Static binding, also known as early binding, is bound to a static type, and the corresponding function or property depends on the static type of the object, which occurs during compilation.

Dynamic binding, also known as late binding, is bound to a dynamic type, and the corresponding function or property depends on the dynamic type, which occurs during runtime.

For example, virtual functions are dynamically bound, non-virtual functions are statically bound, and default parameter values ​​are also statically bound. Here, we need to pay attention, we should not redefine the inherited default parameters, because even if we redefine, it will not work. Because a pointer of a base class points to an object of a derived class, the default value of the virtual function parameter is redefined in the derived class object, but the default parameter value is statically bound. What is bound is the content related to the static type, so there will be a virtual function implementation method of the derived class combined with the calling effect of the default parameter value of the base class, which is different from the expected effect.
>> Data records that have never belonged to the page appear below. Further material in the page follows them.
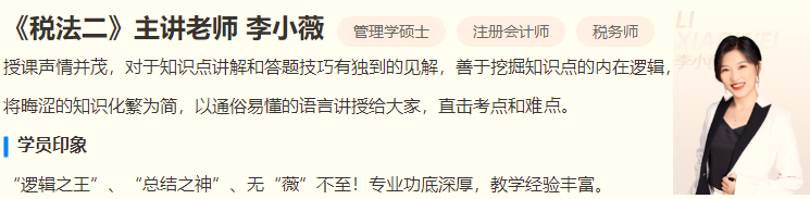 VIP签约特训班《税法二》由李小薇老师主讲,希望同学们能紧跟李小薇老师的脚步,早日拿下税务师证书!
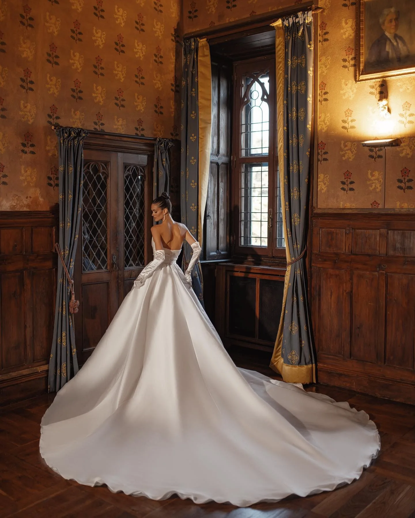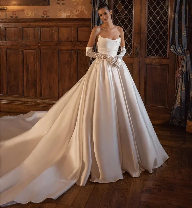 Elegant A-Line Church Wedding Dress Strapless Pleats Satin Gloves Bridal Bride Gown Women vestidos de novia
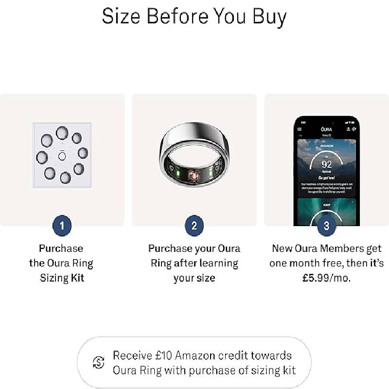 • SIZE BEFORE YOU BUY – Oura Ring sizes are different from standard ring sizes. Purchase an Oura Ring Sizing Kit on Amazon and receive an Amazon credit of GBP 10 towards the future purchase of an Oura Ring (terms and conditions apply)
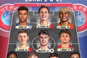 24直播網10月13日訊 Score 90評選出歐洲U21全明星陣容,亞馬爾、若昂-內維斯領銜。西班牙三人入選最多,土耳其、法國、英格蘭各兩人,葡萄牙、德國各一人。該陣容匯集了歐洲足壇最具潛力的年輕才俊。
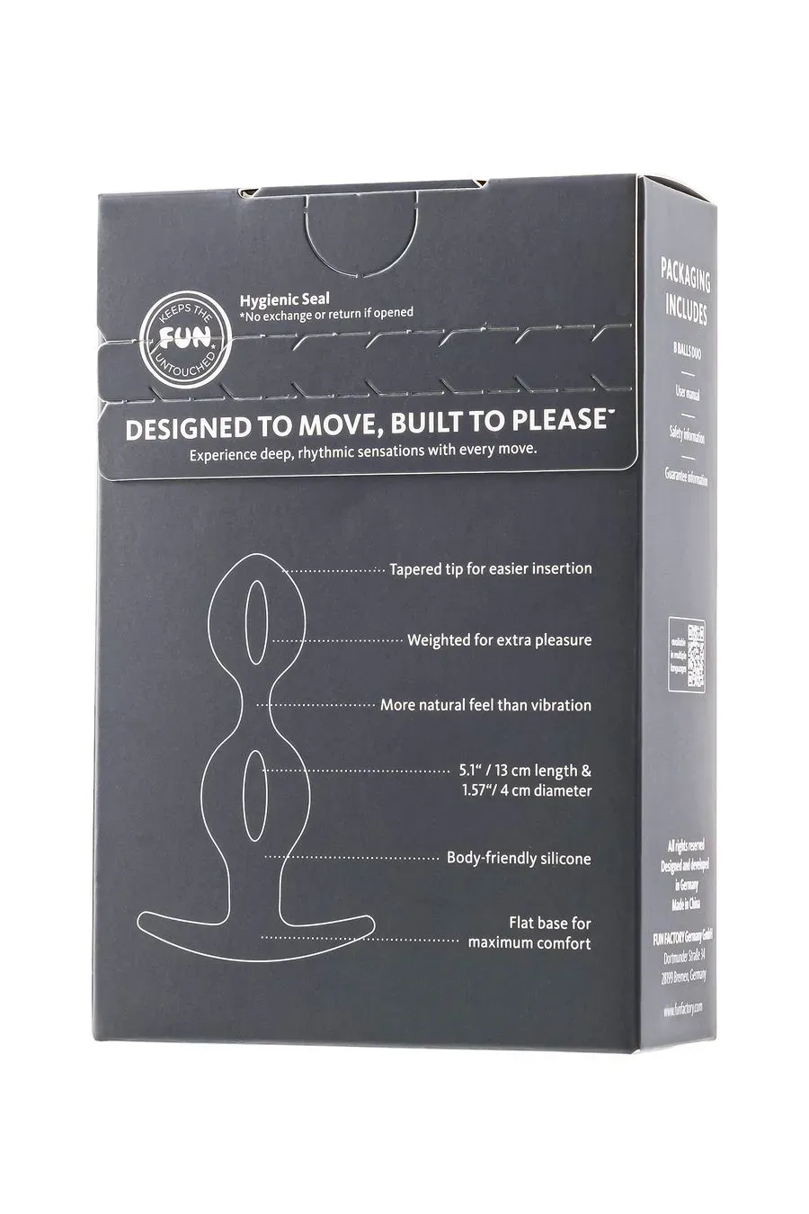 B BALLS DUO предлагают идеальное сочетание удовольствия и мощной стимуляции. Два сферических грузика создают интенсивное движение, которое ощущается более естественно, чем обычные вибрации, а плоское основание обеспечивает оптимальный комфорт. Играете ли вы вместе или носите их незаметно в течение дня, эти шарики подойдут вам. Заостренный кончик обеспечивает легкое введение, поэтому вы можете полностью сосредоточиться на удовольствии. Просто добавьте немного смазки на водной основе, чтобы усилить ощущения!

32. The difference between deep copy and shallow copy

When there is an equal sign assignment of the class, the copy function will be called. If the explicit copy constructor is not defined, the system will call the default copy function—that is, shallow copy, which can complete the one-by-one member copy. Shallow copying works when there are no pointers in the data members.

But when there are pointers in the data members, if a simple shallow copy is used, the two pointers in the two classes point to the same address. When the object is about to end, the destructor will be called twice, resulting in pointer The problem of wild pointers.

Therefore, deep copy must be used at this time. The difference between deep copy and shallow copy is that deep copy will apply for additional space in the heap memory to store data, thus solving the problem of wild pointers . In short, when there are pointers in the data members, it must be safer to use deep copy.